President Donald Trump on Monday said he will let Defense Secretary Pete Hegseth decide whether to release the full video of a controversial military strike on alleged drug smugglers off the coast of Venezuela, backing away from comments last week when he said that “whatever” footage the Pentagon possesses “we’d certainly release, no problem.”
Speaking to reporters at the White House, Trump denied saying Wednesday that he was open to releasing the video — despite doing so on camera — and then attacked the journalist who asked him about his previous comments, calling her “fake news.”
“I didn’t say that. You said that,” Trump said, before adding: “Whatever Hegseth wants to do is okay with me.”
The comments came as the administration struggles to shake off scrutiny of a Sept. 2 operation in which elite Special Operations forces attacked a boat carrying 11 people and then struck again after determining there two survivors among the wreckage. The incident, first reported by The Washington Post late last month, has raised questions among Democrats and law of war experts about whether the men’s killing may constitute a war crime.
Hegseth, speaking Saturday at the Reagan National Defense Forum in California, declined to commit to releasing the video despite Trump’s earlier comments.
“We are reviewing the process, and we’ll see,” Hegseth said, voicing a desire to protect future operations of a similar kind.
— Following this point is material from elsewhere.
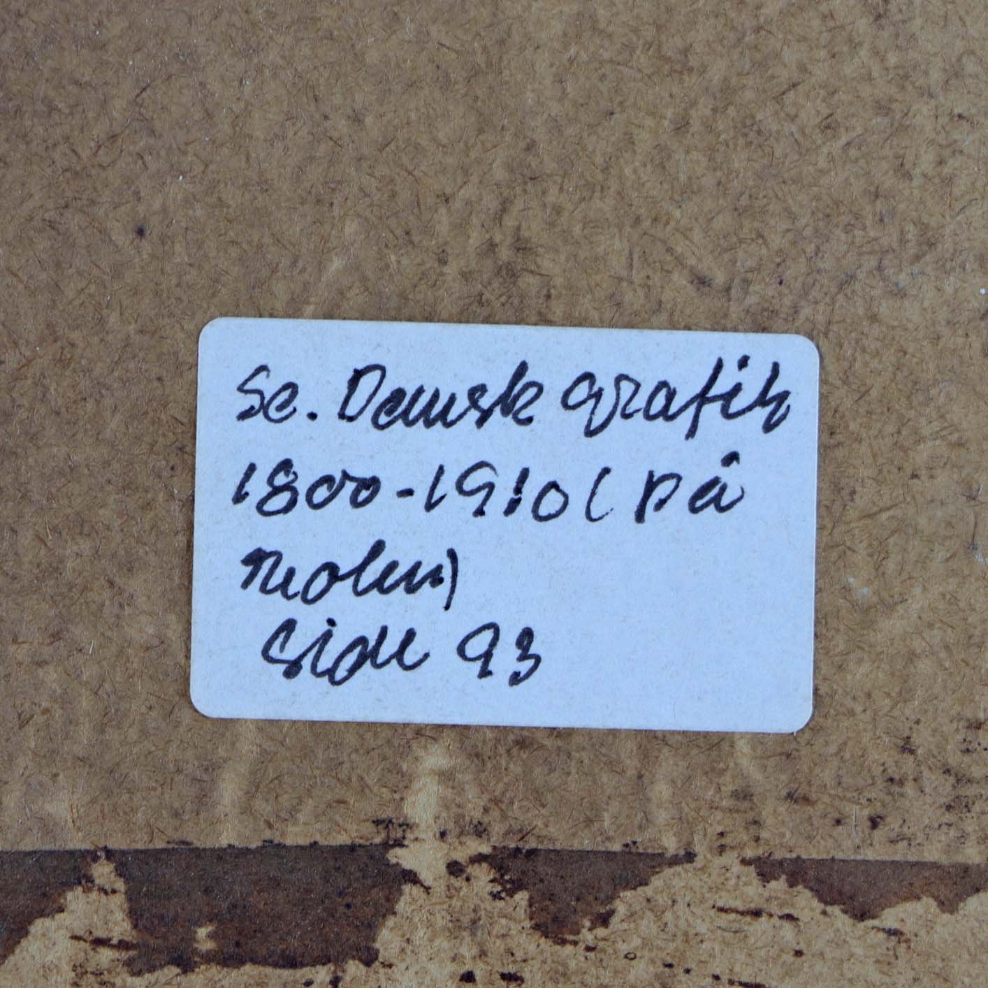 Fremstår med brugsspor på rammen og tekst eller signatur med blyant nederst.

Spokespeople for the secretary could not immediately be reached for comment Monday.
Lawmakers have demanded the release of all related video, including footage shown to select lawmakers last week when Adm. Frank M. Bradley, the commander who oversaw the operation, was summoned to Capitol Hill to discuss his decision-making.
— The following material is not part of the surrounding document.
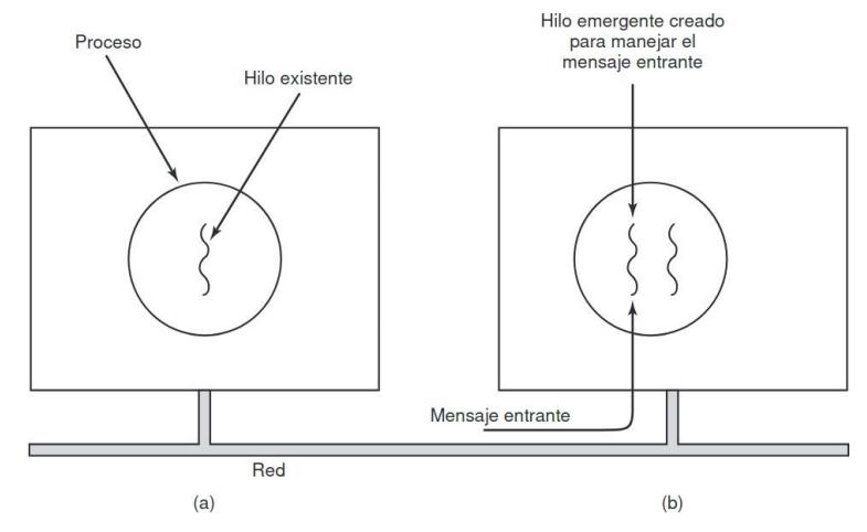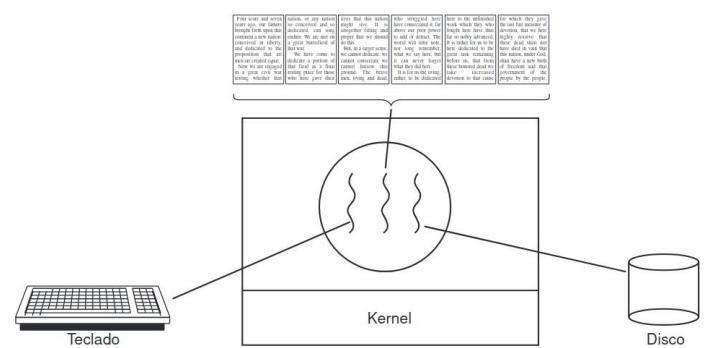 el primer proceso, que ejecuta cat, concatena tres archivos y los envía como salida. El segundo proceso, que ejecuta grep, selecciona todas las líneas que contengan la palabra “arbol”. Dependiendo de la velocidad relativa de los dos procesos (que dependen tanto de la complejidad relativa de los programas, como de cuánto tiempo ha tenido cada uno la CPU), puede ocurrir que grep esté listo para ejecutarse, pero que no haya una entrada esperándolo. Entonces debe bloquear hasta que haya una entrada disponible.

In language of its new defense policy bill, released Sunday, lawmakers called for “unedited video of strikes conducted against designated terrorist organizations in the area of responsibility of the United States Southern Command” to be released to members of the armed services committees and for a quarter of Hegseth’s travel budget to be withheld if the defense secretary continues to withhold the footage. That news was reported earlier by Politico.
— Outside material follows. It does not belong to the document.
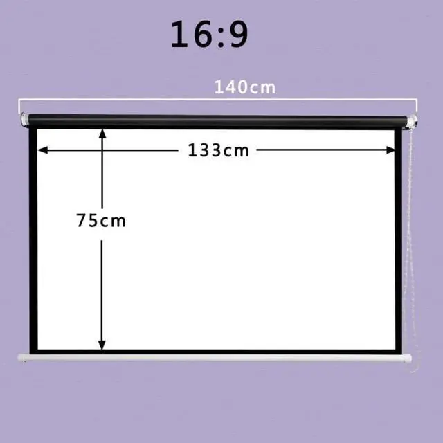 Portable Projection Screen Manual Drop Down Projection Screen Roll Up Movie Screen Home Theater Office Screen(16:09)

Administration officials have defended the Sept. 2 strike, comparing the action at sea to strikes in years past against militants in Iraq, Afghanistan and other countries. Hegseth, speaking Saturday, called the secondary strike a “reattack” and said that while Bradley ordered the action, he agreed with the call.
Legal experts and Democrats have questioned that argument, saying that recent strikes at sea do not come with the same congressional authorization of military force and that killing a shipwrecked combatant at sea is considered a violation of the law of armed conflict.
The Sept. 2 strike was the first that the Pentagon has carried out, killing more than 85 people. Hegseth, in his remarks Saturday, said the strikes will continue.
The targets, he said, “are the al-Qaeda of our hemisphere, and we are hunting them with the sophistication and precision that we hunted al-Qaeda. We are tracking them, we are killing them, and we will keep killing them so long as they are poisoning [American citizens] with narcotics.”
Hegseth said that the drugs are “tantamount to chemical weapons.”